Sunday, August 25, 2013

Cioppino - Italian Fish Stew

San Francisco is a seafood lovers kind of city. I visited a few years back and I was blown away by all of the great seafood available in this fine city. One dish that I tried for the first time was Cioppino. I can best describe this seafood stew with one word...AWESOME!!

I am a big soup guy anyway, but the flavors that come out in this soup, are to die for. I used as much fresh local seafood as I could for this recipe. Rockfish from the Chesapeake, Clams from Indian River Inlet in Delaware, and Mussels from a farm in Delaware. The Shrimp and Scallops are not available around here, so I just picked them up at the store. For the fish stock, I used some frozen clam juice that I saved from steaming a batch earlier in the summer. 

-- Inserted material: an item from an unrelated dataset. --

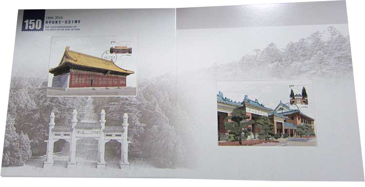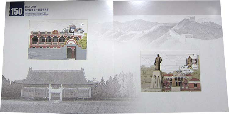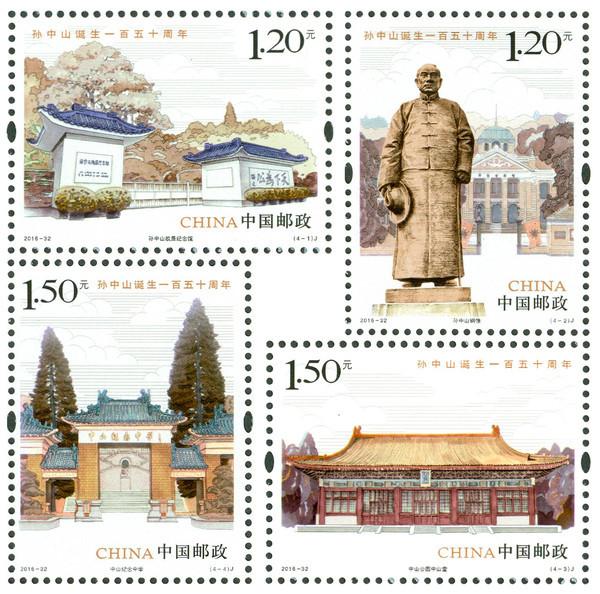 2016年11月12日是中国民主革命的伟大先驱孙中山先生诞生150周年纪念日。为缅怀孙中山先生为民族独立、社会进步、人民幸福所建立的历史功勋,学习、继承和发扬孙中山先生的爱国思想、革命意志和进取精神,中国邮政于2016年11月12日发行了《孙中山诞生一百五十周年》纪念邮票一套。内容分别为:孙中山故居纪念馆、孙中山铜像、中山公园中山堂、中山纪念中学。

As you are starting to realize, this soup was invented using whatever ingredients were available at the time. So to be as authentic as possible...do the same thing. Use what you have available. 

Ingredients:
4 cloves of Garlic, Chopped
1 stalk of Celery, finely minced
1 small Onion, finely chopped
2 Tbsp of Fresh Parsley, chopped
2 Tbsp of Olive Oil
Pinch of Hot Pepper Flakes
1 Cup of Pinot Grigio (or whatever white wine you have sitting around)
15 oz can of Crushed or Diced Tomatoes
3 Cups of Fish Stock

Seafood:
1 Pound fish fillets
1 pound of Mussels, cleaned, 1 pound of Clams, cleaned
1 pound of Shrimp, peeled and deveined, 1/2 pound of Bay Scallops
Salt and Pepper to taste

1) Add the oil in a large pot and preheat over medium high heat. Add the onion, garlic, celery,  pepper flakes and parsley, season with salt and pepper and cook for about 3 to 4 minutes or until the veggies begin to cook down.

2) Add the wine and let it cook for a minute. Add the tomatoes and the fish stock. Let the mixture come up to a boil and cook for about 15 minutes, season with salt and pepper.

3) Add the seafood and cover with a lid, cook for about 5 to 10 minutes or until all the shellfish has opened and the shrimp and scallops are firm.
4) Ladle into bowls, add a pinch or two of chopped fresh parsley, and serve with some crusty garlic bread. Enjoy!